Later, the comforting routine of their evening felt heavy, suffocating. She watched him across the living room, absorbed in a documentary about financial markets. His profile was handsome, composed. He looked perfect. But the words, “She just couldn’t handle the pace,” echoed in her mind, a discordant note in their otherwise harmonious life.
Restlessness gnawed at her. She felt unseen, unheard. Her own unspoken desires for deeper connection, for moments of uninhibited spontaneity, felt trivialized, dismissed before they even had a chance to form. She craved something she couldn’t name, something beyond the predictable comfort of their shared existence.
She needed a distraction. Something tangible, something to organize, to control. Her gaze fell upon the rarely opened storage closet in the hallway, a repository of forgotten things. Perhaps decluttering would quiet the insistent whispers in her mind.
Dust motes danced in the sliver of light from the hallway as she wrestled open the closet door. Boxes, stacked haphazardly, loomed inside. Old textbooks, tax documents from years past, photo albums she hadn’t looked at in ages. She pulled out a few, blowing off the accumulated dust.
Boxes held memories she’d meticulously filed away, out of sight, out of mind. The process was usually cathartic, a way to reassert order. But tonight, it felt like an excavation of a self she barely recognized.
A forgotten box, tucked behind a pile of medical journals, caught her eye. It was smaller, unlabelled, taped shut with faded masking tape. She peeled it open carefully, revealing a jumble of old trinkets, concert tickets from forgotten bands, and a stack of loose photographs.
She pulled out a handful, her fingers brushing against the slick, aged paper. Snapshots of friends from college, awkward poses, silly faces. A beach trip with sun-kissed skin and careless laughter. Then, beneath them, a single photo, slightly creased at the corner, stood out.
The faded colors still vibrated with an undeniable energy. It was a picture of her younger self, perhaps nineteen or twenty. Her hair was wilder, not the sleek, controlled style she maintained now. A genuine, unrestrained smile lit her face, her eyes sparkling with an untamed joy.
Her younger self, vibrant and carefree, stood in a sun-drenched backyard. Her ripped jeans and an oversized band t-shirt were a far cry from her current sophisticated wardrobe. But it wasn't just the clothes that were different. It was the raw, uninhibited spirit radiating from the image.
This girl, full of audacious dreams, held a beat-up acoustic guitar in her arms, its fretboard worn smooth from countless hours of practice.

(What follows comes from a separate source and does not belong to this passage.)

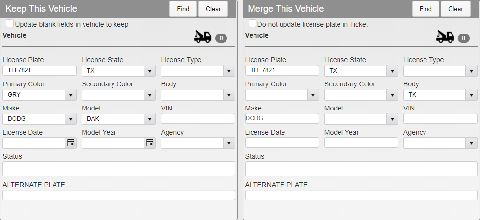 Verify that the plates are correct. Checking Update blank fields will fill in blank fields in the entry being kept with information from the entry being merged. Click Merge.

Her fingers were positioned on the strings, poised for a chord, a melody.
The instrument, now long forgotten in a dusty attic box at her parents’ house, had been her constant companion then. Her escape, her voice, her secret language.

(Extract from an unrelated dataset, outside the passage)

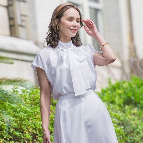 シンプルながら華やかな印象へ導いてくれるビッグボウタイブラウス。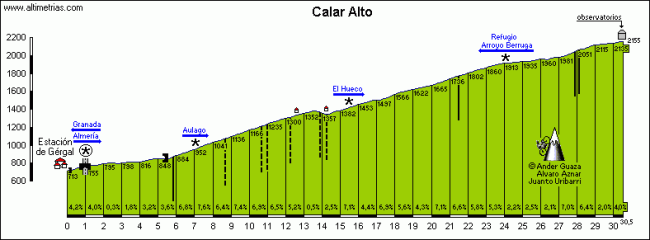 Ya en Gérgal nos queda la guinda del pastel, otro coloso de 22,8 Km. al 6,3% que como mostrábamos antes no le envidia nada a todo un Tourmalet… un ascensión agónica por toda la tralla anterior y donde pueden caer minutos como si fueran segundos. Y es que llegar hasta el Observatorio Astronómico elevará a la categoría de héroe no solo al ganador, sino a cualquiera que finalice semejante etapón.

A sharp pang pierced her chest. The vibrant, carefree girl in the photo, strumming her guitar with such abandon, was a stark, almost painful contrast to her current, meticulously controlled image.
She remembered the feel of the wood against her chest, the gentle thrum of the strings beneath her fingertips. She remembered the songs she wrote, simple melodies and earnest lyrics pouring out of her, raw and unfiltered.

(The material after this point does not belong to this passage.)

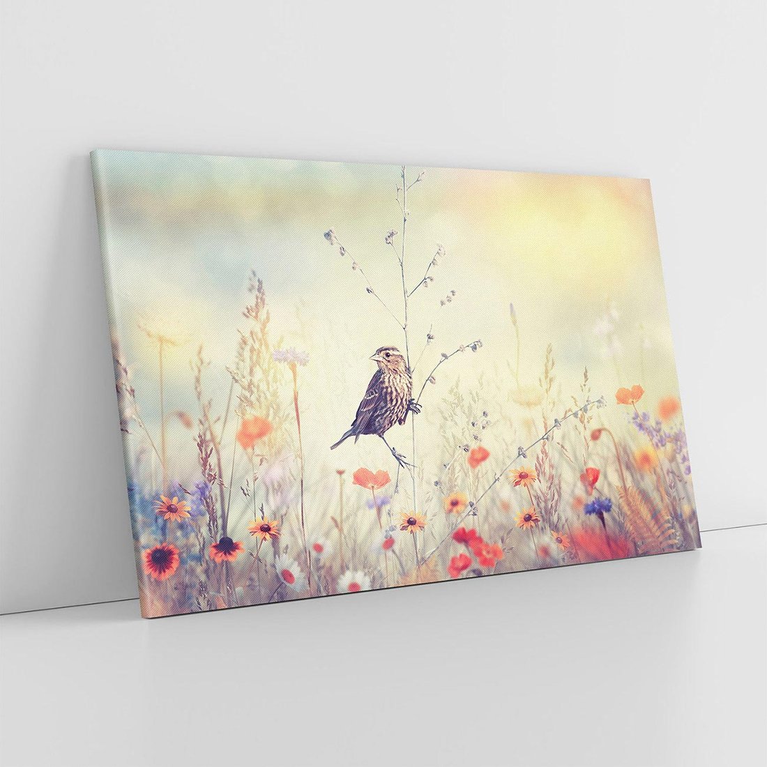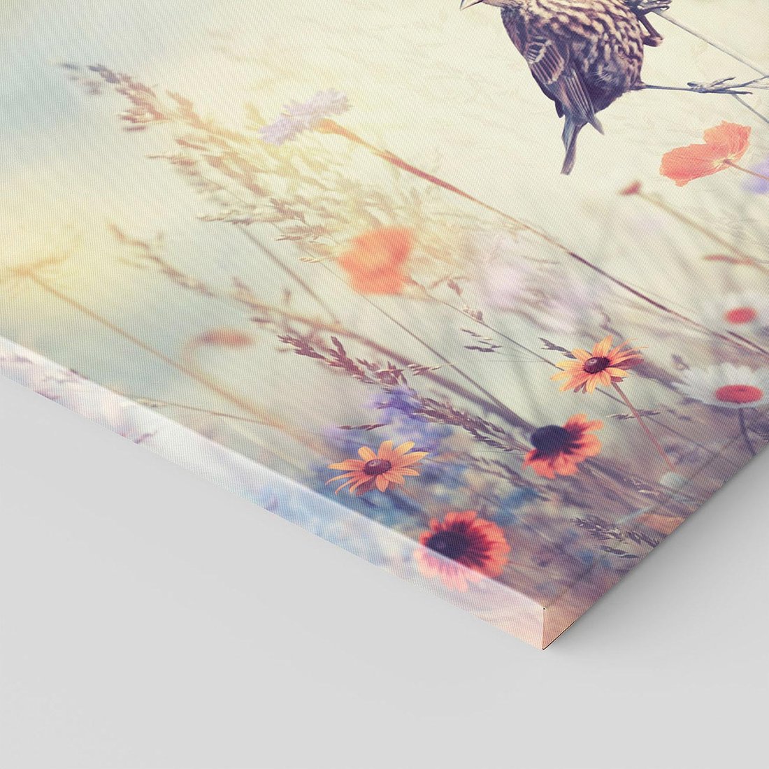 Obraz na płótnie 120x80 - Poranek wśród łąki - ptak, łąka

The strings, vibrating with unspoken stories. The girl, brimming with unacknowledged passions. The image stared back at her, a ghost of a life she’d deliberately buried.
A vivid, almost painful memory surfaced: Noah Sebastien, on stage, guitar slung low, his entire being a conduit for raw, untamed music. The contrast felt like a punch to the gut. The girl in the photo was a stranger, a relic from a past she’d systematically erased.
The photo shook in her hand, a powerful question hanging in the air.